Although these two are not headline-grabbing features, little details like these are why I’m inclined towards Signal.

Exactly How Secure is Signal?

Signal provides top-grade encryption, the reason why even NSA whistleblower Edward Snowden recommends using it. If you really want to know what data Signal can share about you, if the time comes, it’s this: the time of your Signal account creation and the date of last connection to Signal’s servers, that too with reduced precision to a day. That’s pretty much it. No, really. Not even metadata, let alone actual message content. For reference, Signal was subpoenaed recently and here’s the information they disclosed.

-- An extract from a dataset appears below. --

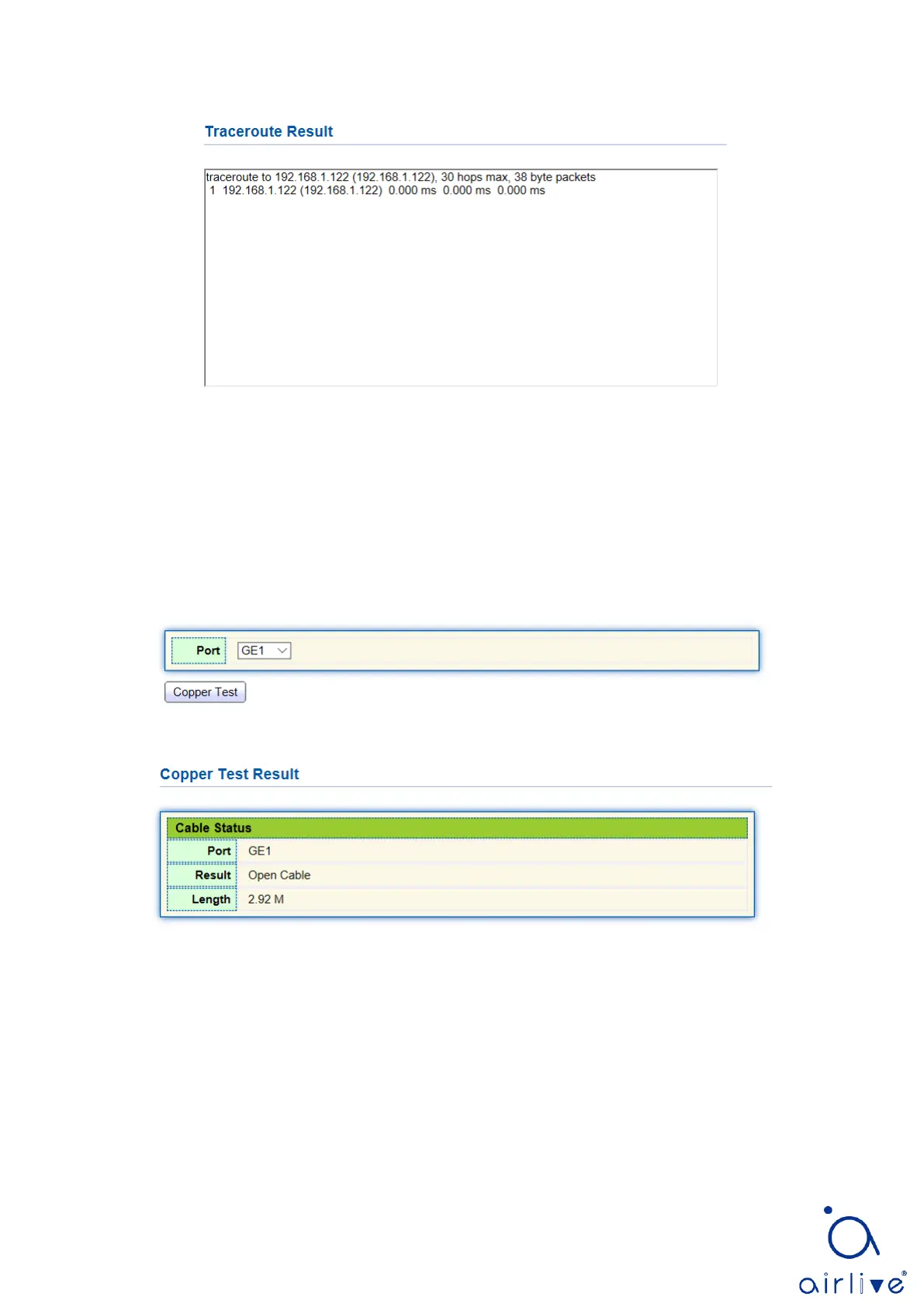 1. Click the “Diagnostics > Copper Test” in the navigation bar to select a port for test as

SEE ALSO: How to Encrypt Your Android Device to Secure Personal Data

So Are You Making the Switch to Signal?

These were my five security reasons on why you should switch to Signal. From a security perspective, Signal emerges as a clear winner. If you’re looking for more featured-pack experience, you are probably better off with WhatsApp or Telegram. However, if you’re paranoid about your privacy, make the switch to Signal today!

Download: Signal for Android | Signal for iPhone

comment Comments 1
  • Cliff says:

    These are all great points. I use signal as well and really like it. Recently, I have just come across wire, made by one of the cofounders of Skype and while it does not have a couple of signals signature features like password protection over the app, I personally can see myself using wire down the road over signal. There are a couple of reasons: i personally like the consistency of groups across different devices, shared media across different devices, and the call quality. Signal is mostly consistent on American made phones or phones with nicer build quality. I had a Huawei P8 lite and couldn’t get MMS texts and couldn’t keep a group running in signal. I have a Google pixel now, and it works fine, but this doesn’t help for friends and family running more affordable handsets.

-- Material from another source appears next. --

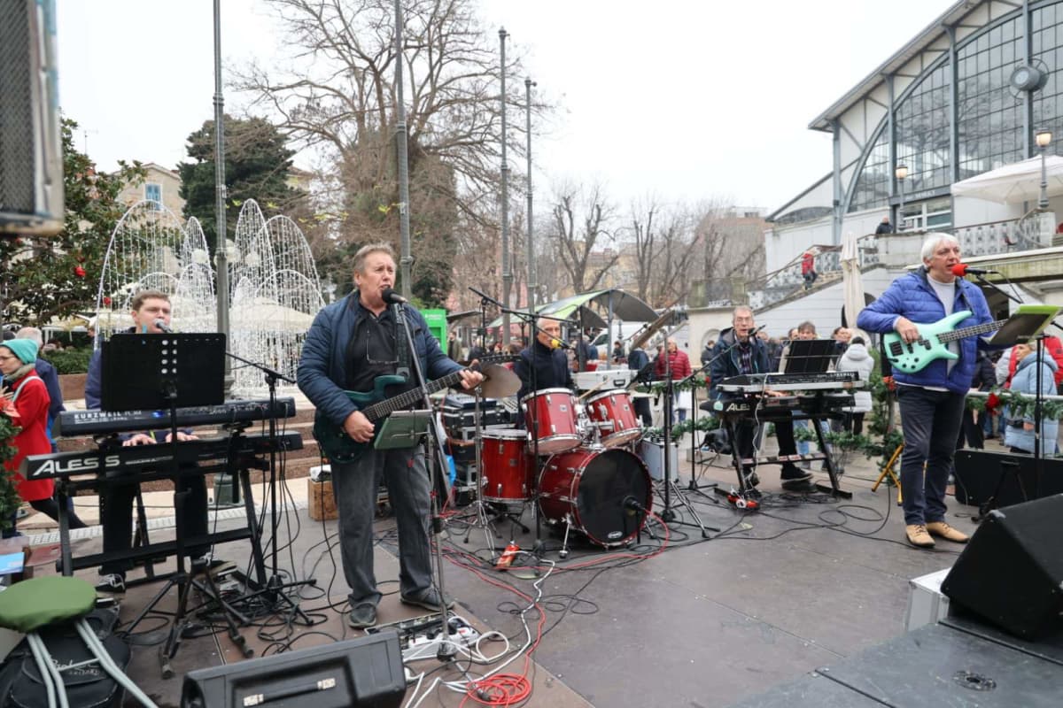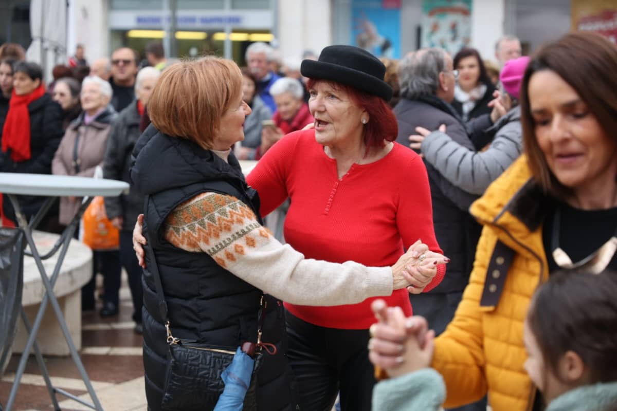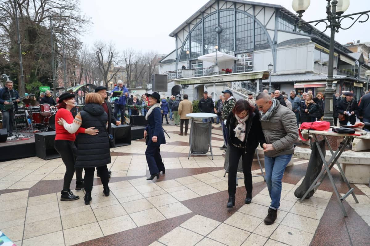 Još od jutra na pulskoj tržnici vlada odlično raspoloženje. U zadnjem danu godine, na trgu kod vodoskoka okupio se veći broj građana koji se druže i plešu uz glazbu Anelida i Vesna Nežić Ružić.

    Furthermore, Signal has always advertised itself as a method for making encrypted calls as well as messages, but the quality leaves quite a bit to be desired. The functions of signal were initially developed under two separate parent apps: telegram and redphone for Android and signal for ios, which didn’t make encrypted calls at all. Eventually, the functions of telegram and redphone were just placed in one universal app, and devs chose signal. However, signal suffers extremely inconsistent and choppy call quality. It is just bearable on WiFi and borderline impossible over data. Simultaneously, signal requires a phone number to activate which, surprisingly leaves a couple of my friends left using less secure methods of communication (people with iPads and ipods but still have a flip phone), or with none at all. Finally, signal does not have a desktop app, which is essentially standard across all encrypted and insecure chat apps. Wires protocol is a modified version of the openwhisper protocol (the same protocol as signal), that allows for its system to take emails instead of requiring phone numbers. This means users can have aliases like on programs such as telegram, but with full encryption as opposed to secret chat encryption… Alias features are nowhere to be found on signal, and only work on WhatsApp if someone doesn’t have your number. Account names on wire are as customizable as account names on Twitter.

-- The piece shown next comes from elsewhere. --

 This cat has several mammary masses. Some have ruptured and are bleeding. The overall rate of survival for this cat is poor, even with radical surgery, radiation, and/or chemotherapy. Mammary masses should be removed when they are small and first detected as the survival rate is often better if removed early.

    While I like signal, I’m trying to make the switch to wire because it is entirely encrypted like signal, has self destructing messages like signal and provides encrypted channels for all major methods of communication: talk, text, and video, making it the first encrypted video chat app that is freely available to the public. When it comes to the scope of everyday needs that wire addresses for most users, I personally think it’s a more comprehensive experience.Also the quality of video and voice is excellent. Sometimes it’s a little nuanced in establishing a connection, but overall it’s leaps and bounds ahead of signal in quality.

    Finally, wire just looks better too.